Невероятно огромная и внушительная система натяжных блоков возвестила о нашем появлении в вестибюле, который вел к палатам первого этажа. Справа находились рычаги, контролировавшие систему, а за столом дежурной медсестры виднелись громадные грузы-противовесы. Сеть кабелей тянулась до потолка, а потом шла по потолку вдоль коридора; в каждую палату ответвлялся свой кабель. Кульминацией были тысячефунтовые железные двери. Веб-сайт предупреждал: не шутите с системой блоков. Один подросток, исследовавший ее в одиночку, оказался заперт по другую сторону двери. Его тело нашли шесть месяцев спустя.

Конечно, я не нуждалась в предупреждениях. Отец много раз рассказывал мне и братьям, насколько опасно это старое здание. Прежде чем заняться уголовным правом, он вел судебное дело против собственников этого участка и городских властей, представляя семью погибшего мальчика. Он должен был выиграть дело; у него было полным-полно доказательств. Но судья по необъяснимым причинам вынес решение не в пользу семьи мальчика. Может, в суде пришли к выводу, что парень сам был виноват. Может, подумали, что город нуждается в уроке.

Все, о чем я могла думать, — каково услышать, как захлопываются эти двери, почувствовать вибрацию гниющего пола, когда тысячи фунтов железа отрезают тебя от жизни. Каково знать, что никто за тобой не придет. Каково умирать голодной смертью.

Рэчел и Клэр пришли в еще больший восторг, когда мы миновали громадные связки кабелей и рычаги. Щелк. Вспышка осветила огромный вестибюль. Мы с Джудом вместе шли за ними, держась середины похожего на пещеру помещения.
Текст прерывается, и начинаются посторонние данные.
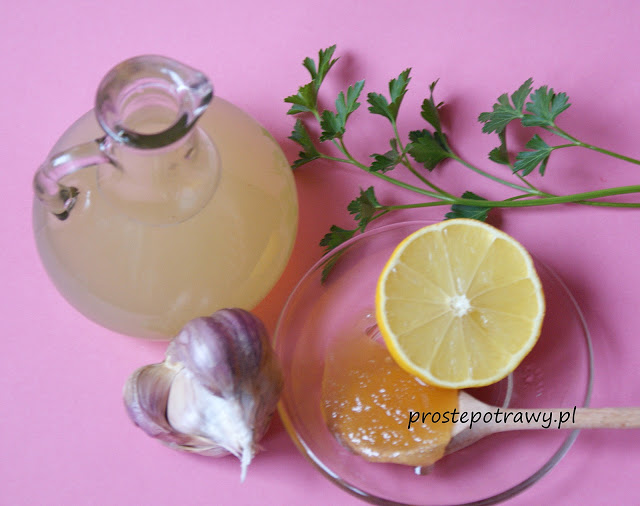 2 główki czosnku1/4 szklanki soku z cytryny2-3 łyżeczki miodu1 szklanka ciepłej, przegotowanej wody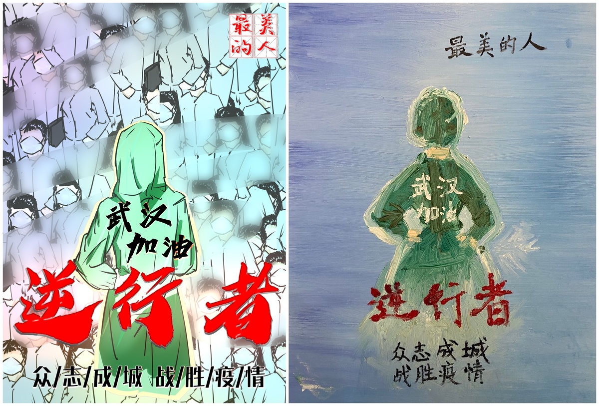 改造作品主题人物形象突出,配色统一,又有丰富变化,视觉张力强,弥补了原作的缺憾。虚实变化的处理也非常好,医护人员正面形象得以强化,病毒的虚化处理体现了人们必定能战胜这场战役。

Слева и справа были палаты, и я не хотела к ним приближаться.

Мы двое шли медленно, луч фонарика Джуда танцевал на стенах. Мы приблизились к непроглядно-черной дыре, разверзшейся впереди. Когда Рэчел и Клэр исчезли за углом, я пошла быстрее — меня ужаснуло, что я потеряю их в лабиринте проходов. Но Джуд остановился и слегка дернул меня за пояс джинсов. Я обернулась. Он ухмыльнулся.

— Нам необязательно идти за ними, знаешь ли.

— Спасибо, но я видела достаточно фильмов ужасов и знаю, что разделяться не лучшая затея.

Я снова двинулась вперед, но он не выпустил меня.

— Серьезно, тут нечего бояться. Это просто старый дом.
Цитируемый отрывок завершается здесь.